MUDLink Is Making UART Data Links More Reliable

Many of us have used UARTs to spit data from one system or chip to another. Normally, for quick and dirty maker projects, this is good enough. However, you’ll always get the odd dropped transmission or glitch that can throw a spanner in the works if you’re not careful. [Jake Read] decided to work on a system that could use UARTs while being far more reliable. Enter MUDLink.

MUDLink is a library that works with an Arduino’s UART port and stacks on a bit of protocol to clean things up. It uses a packetized method of sending data to ensure that transmissions are received reliably as intended by the sender. Packets are framed using a method called Consistent Overhead Byte Stuffing, which is a nice lightweight way of doing so. The system also uses CRC16-CCITT as an error checking mechanism. There’s also an ack-and-retransmit system for ensuring any dropped transmissions are repeated and received successfully.

If you need reliable UART transmissions without too much overhead, you might want to look at what Jake is doing. It’s a topic we’ve looked at before, too.

20 thoughts on “MUDLink Is Making UART Data Links More Reliable

  1. Looks like a useful widget in the toolbox to use on crappy connections.

    But seriously: If you’re deploying this on a wired connection because you’re getting that error rate, you are doing something very wrong, and attacking the wrong end of the problem. Any short-haul wired link like that should have near-infinitesimal error rate and never need the overhead, complexity, latency, and potential bugs of this ‘solution’.

    1. “Any short-haul wired link like that should have near-infinitesimal error rate”

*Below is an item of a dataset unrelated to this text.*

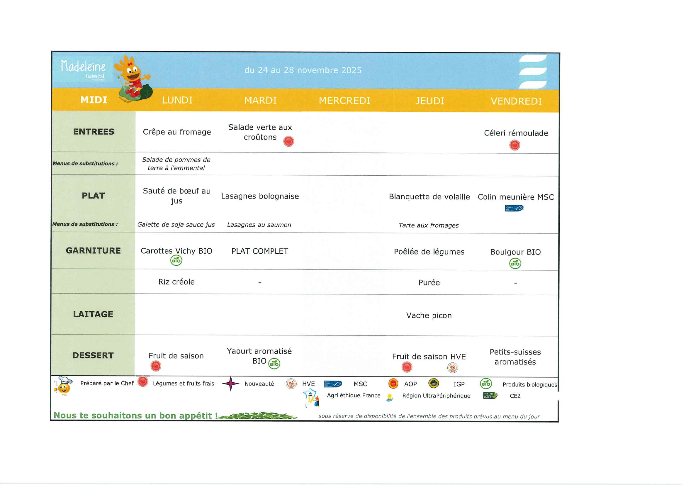 Voir l'image agrandie Scolaire – Menu de la cantine du 24 au 28 novembre 2025Par ana2608|2025-10-13T15:08:25+02:0012 novembre 2025|SCOLAIRE|Commentaires fermés sur Scolaire – Menu de la cantine du 24 au 28 novembre 2025Share This Story, Choose Your Platform!FacebookTwitterRedditLinkedInTumblrPinterestVkEmail À propos de l'auteur : ana2608 Articles similaires Scolaire – Menu de la cantine du 17 au 21 novembre 2025 Galerie Scolaire – Menu de la cantine du 17 au 21 novembre 2025 Scolaire – Menu de la cantine du 10 au 14 novembre 2025 Galerie Scolaire – Menu de la cantine du 10 au 14 novembre 2025 Scolaire – Menu de la cantine du 03 au 07 novembre 2025 Galerie Scolaire – Menu de la cantine du 03 au 07 novembre 2025 Scolaire – Menu de la cantine du 13 au 17 octobre 2025 Galerie Scolaire – Menu de la cantine du 13 au 17 octobre 2025 Scolaire – Menu de la cantine du 06 au 10 octobre 2025 Galerie Scolaire – Menu de la cantine du 06 au 10 octobre 2025

      There’s no flow control here. It’s happening due to buffer overruns and dropped bytes on either end. And just like basically every very high speed link, it’s more efficient to handle the occasional blip than slow down. Yes, obviously, the most efficient method would be hardware flow control but that’s a system-level design thing rather than a “just error-correct it.” (Yes, you could imagine deterministic soft flow control but it’s entirely possible in a design that there are higher-priority demands).

      Also clock drift between source/transmitter and effective jitter in the sample rate (and this is just fundamental and exactly equivalent to high speed data transfers) – if you can handle a low percentage of bit errors with low overhead it’s way better to run faster and correct.

      1. Communications should be reliable and deterministic. A packet error and retry rate of 10e-3 is awful even for a noisy radio link. A wired connection should be essentially zero.

        If the errors seen are actually buffer overruns, then that’s a different (still awful) issue.

        A strategy like this *would* be useful over a noisy radio or long-haul analog line. But if it’s needed to cope with a short line demoed here, it’s the answer to a problem that shouldn’t exist.

        1. Problems that “shouldn’t” exist are usually the ones that are most annoying to work around when they do, in fact, exist. Sometimes a workaround is easier than re-engineering your whole design, especially if it’s an intermittent problem in situ where it can often be impossible to identify the root cause.

        2. “Communications should be reliable and deterministic.”

          You’re imposing a requirement that doesn’t have to exist. Speed and error rate are two separate design processes: I mean, this is the entire reason for the existence of error-correcting procedures in stuff like high-speed links and flash memory.

          If the *only thing you care about* is the throughput, you can improve throughput by sacrificing raw error rate. Raw error rates in a *lot* of stuff are extremely high! Error correcting methods are extremely robust at this point.

          “A wired connection should be essentially zero.”

          It’s not wired *synchronous* it’s wired *asynchronous* which means clock tolerance between transmitter/receiver matters. I mean if you want to be crazy, you can calculate what the bit error rate is given drift characteristics between two clocks – if you push the transmission rate high enough, you can get a very low bit error rate, but not zero: if you can *tolerate* that bit error rate via correction methods, the total throughput can be *higher* even though the raw bit error rate is lower.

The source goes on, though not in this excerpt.